Os instrumentistas têm facilidade em transmitir emoções por meio de notas musicais sem dizer uma só palavra. A pianista e cantora Diana Krall sabe disso e parece até que se multiplica em duas ou mais Dianas ao deixar ao registro vocal a expressão máxima do romantismo e, aos dedos no piano, todos os pensamentos secretos de uma menina nada comportada. Mas o que causou dúvidas à plateia que a ouviu em São Paulo foi quando ela cantou “Esse seu olhar”, de Tom Jobim, em português. No segundo dia de apresentação de seu 12º disco “Quiet Nights”, o HSBC Brasil estava praticamente lotado com cerca de duas mil pessoas, reunindo fãs e músicos em homenagem ao jazz e à Bossa Nova. A turnê internacional ainda passará por Brasília, amanhã, e Rio, na segunda-feira.
Ao cantar a música em português ela chegou a provocar risos em alguns e a instigar outros. Risos porque ela não sabe falar a língua de Jobim, o que é completamente perceptível. Mas instigou quem tentou perceber a voz fora do que pode ser traduzido com ajuda de um dicionário: ao buscar o groove da música, mesmo sem saber como articular as palavras e o que elas significam, a voz da jazzista é um instrumento, que improvisa como um saxofonista ou trompetista estrangeiro que se esforça para cair em ritmos brasileiros. “Com certeza ‘deu bossa'”, diz o contrabaixista Bira, do programa do Jô e acompanhou o show com o saxofonista Derico Sciotti na terça-feira, em referência à expressão “deu samba”. “A simplicidade do baixo e o batera, de leve, o swing na guitarra… É muito difícil tocar bossa, mas com certeza ‘deu bossa’.”

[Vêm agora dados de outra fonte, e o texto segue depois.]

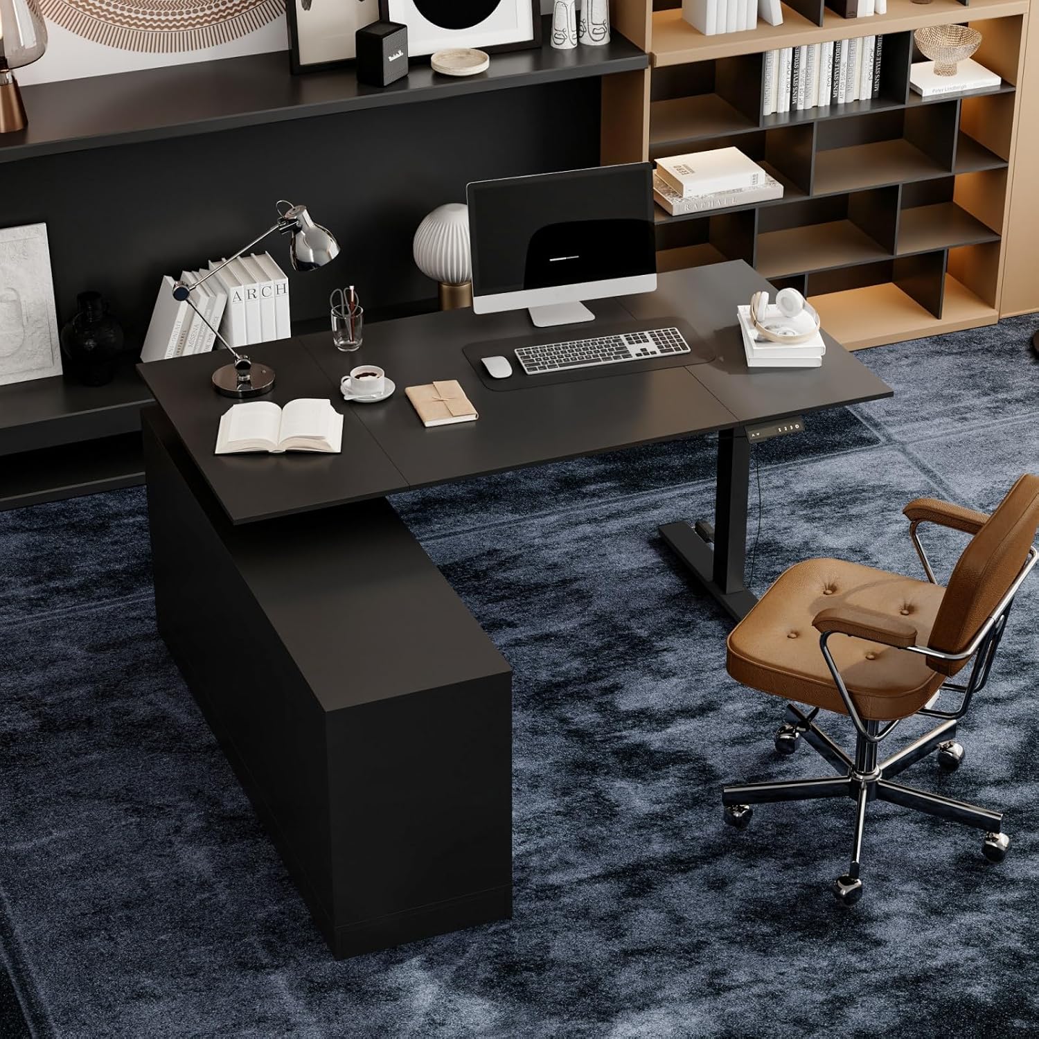 MOUMON 70.9” Electric Standing Desk with Drawer, Height Adjustable Executive Computer Desk with File Storage for Home Office, Sit Stand Desks, Black, 70.9”W x 31.5”D x 29.5”-44.1”H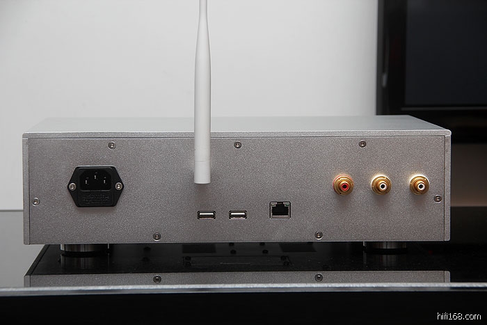 Mbox的背板非常简洁,就两个USB接口,一个网线口,模拟输出和同轴数字输出。

“Eu acho que a situação é inversamente proporcional se você estivesse no Carnegie Hall ouvindo o Jobim cantar ‘Garota de Ipanema’ em inglês”, diz Derico. O problema, avalia, foi a timidez de Diana nessa música. “Até a gente entender, como no meu caso, que ela estava tentando cantar em português e deixar de achar a situação inusitada, a música acabou. Eu achei mais inusitado que bonito. Ela foi tímida, essa música foi curta, diferente das outras em que ela se soltou como ‘Under My Skin’ e ‘How Can You Mend A Broken Heart’, gravada pelos Bee Gees, ou ‘Corcovado’, em inglês. ‘Esse seu olhar’ parecia uma prova”, lembra, ao comentar que ela mesma havia dito ao público antes que tocaria uma música que os brasileiros conhecem mais do que ela.
Em bate-papo na quarta-feira com a imprensa, Diana respondeu, por e-mail, que a musica, assim como a maioria das composições de Jobim, instigam a sua imaginação. O mesmo que disse em entrevista ao jornal O Estado de S.Paulo, publicada no dia 4 de setembro. “Eu costumava cantar essa música na minha cozinha. Quando a gente não conhece uma língua, busca um feeling similar, cantarola”, disse. “Eu quis registrar essa vontade de encontrar o sentimento da música, mas peço desculpas a vocês pela ousadia, não falo nada de português”, concluiu.
Nos shows em Brasília e no Rio, Diana será acompanhada pelo guitarrista Anthony Wilson, o baterista Karriem Riggins e o contrabaixista Robert Leslie Hurst. Fica uma sugestão para Diana: permitir-se sentir, sem timidez, a malandragem que esconde o romantismo desse nosso olhar brasileiro.